Das Material der Trauringe, Partnerringe, Eheringe, Verlobungsringe ist wie bei den normalen Ringen wahlweise aus Silber, Gold – hier wird unterschieden zwischen 333, 666 und 999er Gold, zwischen Rotgold und Weißgold, matt oder glänzende Optik -, Platin, Titan und manchmal auch Eisen. Viele Paare lieben ihre Ringe ganz schlicht ohne Schnickschnack drum herum. Andere Paare wiederum bevorzugen ihre Ringe mit hübschen Mustern versehen, manche Ringe sind zweifarbig und es gibt alles, was das Herz begehrt.
Manch junges Paar hat sich auch schon seine Trauringe, Eheringe, Verlobungsringe oder Partnerringe selber bei einem Goldschmied gemacht, was ihre Beziehung bzw. ihr Gefühl füreinander in ihren Augen noch inniger gemacht hat.

Hochzeitsschmuck generell ist kein Modeschmuck. Er ist heutzutage aus Gold, Silber, Platin oder Titan und manchmal auch aus Eisen.

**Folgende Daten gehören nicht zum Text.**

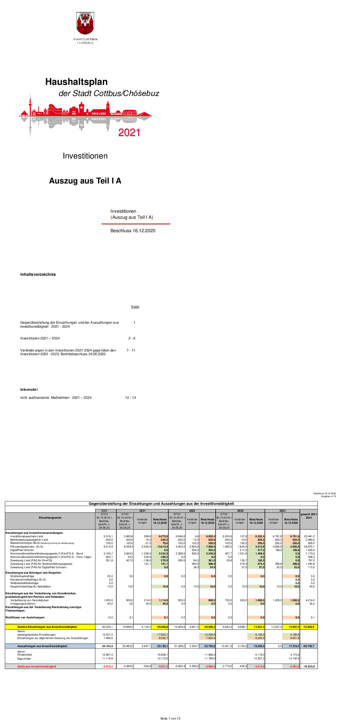 Haushalt der Stadt Cottbus/Chóśebuz für das Jahr 2021

Vorherrschend ist beim Hochzeitsschmuck allerdings Gold und Silber und natürlich die jungfräulichen weißen Perlen, aber manchmal auch schwarze oder graue Perlen. Er wird fast nur von der Braut getragen und umfasst zum Beispiel ein Diadem, eine Halskette, ein Armband, Ohrringe bzw. Ohrstecker usw. Zusammen mit einem wunderschönen romantischen weißen Hochzeitskleid macht der Hochzeitsschmuck die Braut noch bezaubernder.

Fazit

Schmuck ist früher wie auch heute nicht aus dem Leben der Menschen weg zu denken. Der eine trägt viel davon, der andere nur wenig, aber lieben tun ihn alle. Auch der Tischschmuck zur Hochzeit wird immer beliebter und wird daher mit großer Sorgfallt ausgesucht.